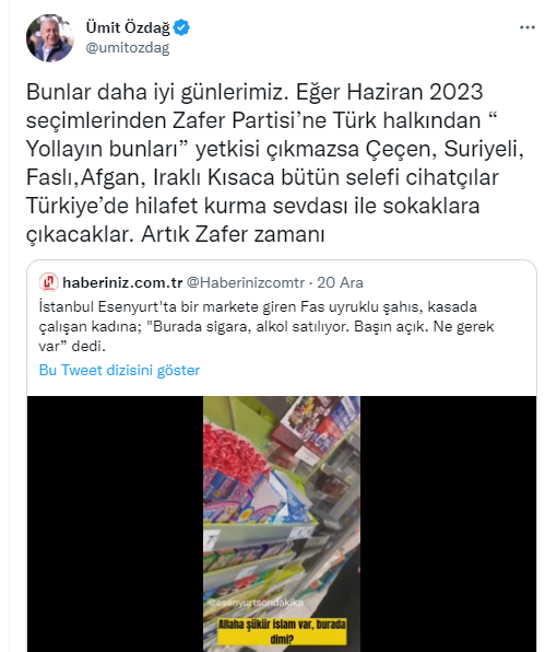 İstanbul Esenyurt'ta kim tarafından ne amaçla markete gönderildiği bilinmeyen Faslı bir genç, marketteki kasiyere, "Neden burada içki satıyorsunuz?" diye sordu. Faslı gence ilişkin haberi Twitter hesabından paylaşan Zafer Partisi Genel Başkanı Ümit Özdağ, on milyonda bir yaşanan provakatif görünümlü olay üzerinden yine ırkçılık yaptı.
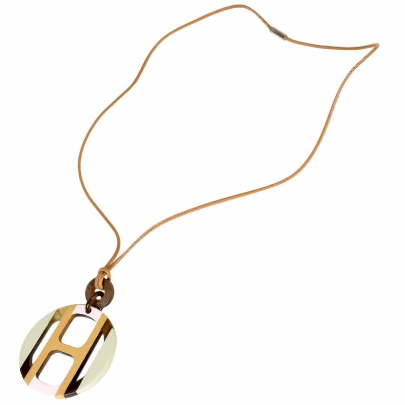 4. エルメス HERMES H エキップ ネックレス バッファローホーン レザー レディース【中古】
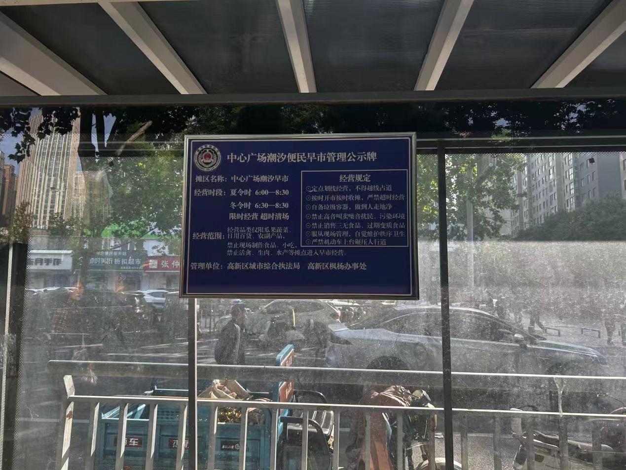 二十几天前,高新区城市管理部联合枫杨办事处,决定改变思路:从“堵”变“疏”,从“强制清理”变“规范引导”。利用广场早晨闲置时段,设立全市首个“潮汐便民早市”,将原本无序的散户纳入统一管理。
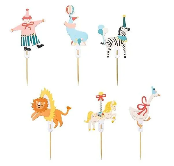 Zirkus Muffin Dekoration, Mix aus Designs und Farben, Höhe ca. 9-11,5 cm.Inhalt: 6 Stück
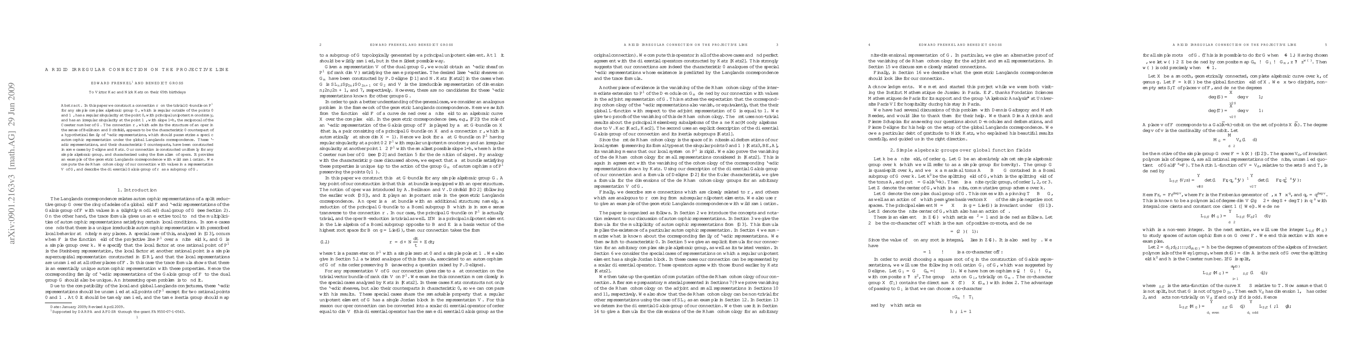 Researchers construct a connection on the projective line for simple complex algebraic groups G, with characteristics including regular singularities at 0 and infinity, and ties to Langlands correspondence.
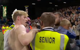However, the little lad doesn’t make it far as he is quickly swept up by stewards in a no-nonsense fashion and as Gordon goes over to resolve the situation and embrace the fan, the fan then lets go of the boy as he goes to grab the player’s shirt.
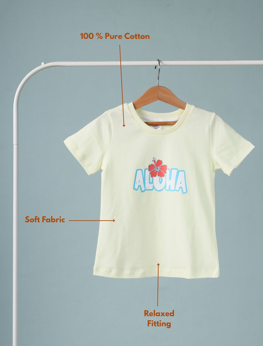 Summer Pure Cotton Graphic Tees for Kids Girls (Lemon Yellow)
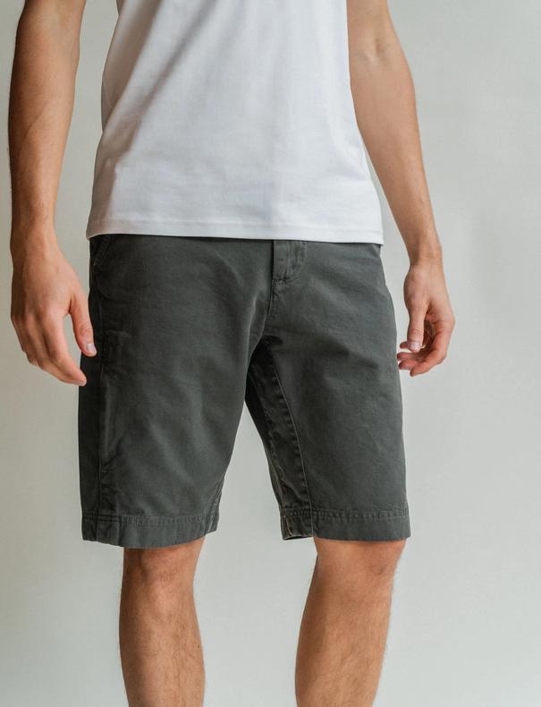 The Shorts er laget av en tykk og kraftig, men samtidig myk og behagelig italiensk bomullskvalitet, med en konstruksjon som gjør den ekstra slitesterk. Sømmene er også sydd sammen av tråd i 100% bomull. Shortsen har to åpne lommer foran, og to bak. I tillegg har den en skjult glidelåslomme på siden med plass til mobiltelefonen din med en hensiktsmessig plassering for å opprettholde et minimalistisk og stilrent uttrykk. Shortsen har en skjult snor på innsiden for enkel justering av livet.

## Action item
The material above is to be set down exactly, with pictures removed.

## Output of the exercise
 İstanbul Esenyurt'ta kim tarafından ne amaçla markete gönderildiği bilinmeyen Faslı bir genç, marketteki kasiyere, "Neden burada içki satıyorsunuz?" diye sordu. Faslı gence ilişkin haberi Twitter hesabından paylaşan Zafer Partisi Genel Başkanı Ümit Özdağ, on milyonda bir yaşanan provakatif görünümlü olay üzerinden yine ırkçılık yaptı.
 4. エルメス HERMES H エキップ ネックレス バッファローホーン レザー レディース【中古】
 二十几天前,高新区城市管理部联合枫杨办事处,决定改变思路:从“堵”变“疏”,从“强制清理”变“规范引导”。利用广场早晨闲置时段,设立全市首个“潮汐便民早市”,将原本无序的散户纳入统一管理。
 Zirkus Muffin Dekoration, Mix aus Designs und Farben, Höhe ca. 9-11,5 cm.Inhalt: 6 Stück
 Researchers construct a connection on the projective line for simple complex algebraic groups G, with characteristics including regular singularities at 0 and infinity, and ties to Langlands correspondence.
However, the little lad doesn’t make it far as he is quickly swept up by stewards in a no-nonsense fashion and as Gordon goes over to resolve the situation and embrace the fan, the fan then lets go of the boy as he goes to grab the player’s shirt.
 Summer Pure Cotton Graphic Tees for Kids Girls (Lemon Yellow)
 The Shorts er laget av en tykk og kraftig, men samtidig myk og behagelig italiensk bomullskvalitet, med en konstruksjon som gjør den ekstra slitesterk. Sømmene er også sydd sammen av tråd i 100% bomull. Shortsen har to åpne lommer foran, og to bak. I tillegg har den en skjult glidelåslomme på siden med plass til mobiltelefonen din med en hensiktsmessig plassering for å opprettholde et minimalistisk og stilrent uttrykk. Shortsen har en skjult snor på innsiden for enkel justering av livet.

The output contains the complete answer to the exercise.